Durbin calls for clear fee disclosure forms

Dick DurbinU.S. Sen. Dick Durbin (D-Ill.) recommended on Tuesday that financial institutions should adopt a clear, simple account fee disclosure form that would be easier for consumers to understand.
Durbin made the suggestion at an Illini Union news conference in Urbana. He called on credit unions and banks, particularly those serving Illinois university and college students, to adopt a disclosure form that was suggested by the Pew Charitable Trust. The form details bank fees charged to holders of checking accounts, the News-Gazette reports.
"I think students have a right to know what they're being charged," Durbin said, according to the News-Gazette. "If a bank is going to enjoy a favored status in dealing with a university in terms of where it can place its branches and what the relationship might be with an ID card, for example, I think it's only fair that their relationship with students be transparent and competitive."

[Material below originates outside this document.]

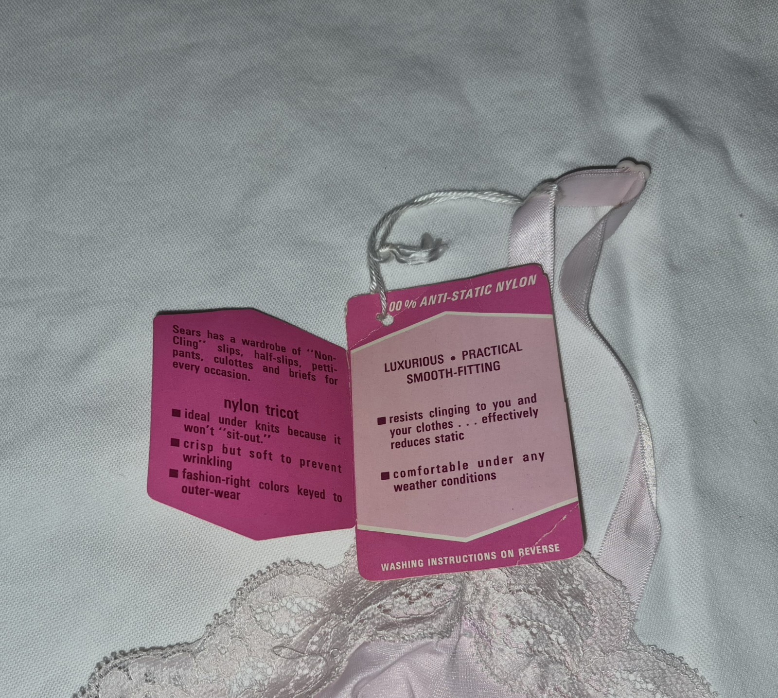 как выглядит Vintage Sears Slip Womens 36 Short Pink Lace Non Cling 100 Nylon Tricot NWT фото
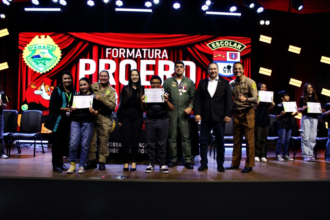 Durante a cerimônia, o deputado Gilson destacou a importância do programa desenvolvido pela Polícia Militar do Paraná, que tem transformado a vida de milhares de crianças e adolescentes em todo o estado, orientando-os sobre a prevenção ao uso de drogas e à violência.

According to Durbin, Chase Bank and at least two credit unions have agreed to adopt the form voluntarily.
"If you look at this form, you don't have to have a degree from a business school at the University of Illinois to understand it," Dubin said, according to the News-Gazette. "It is very straightforward and direct, and it tells you how much you're going to be charged in terms of fees that you have to pay."
An officer with the University of Illinois Employees Credit Union said that his institution would adopt the form recommended by Pew.
"This is nice because it summarizes it into a single page the main things that someone faces with a checking account, the different fees and so on," Greg Anderson, the executive vice president of union, said, the News-Gazette reports. "Those fees have to exist to support the products and services. But you can compare with it at least."
Tom Hardy, a University of Illinois spokesman, said that university officials had contacted TCF Bank on Tuesday, asking that they follow the template for disclosing debit and checking account fees. Hardy said that the university has yet to receive a reply.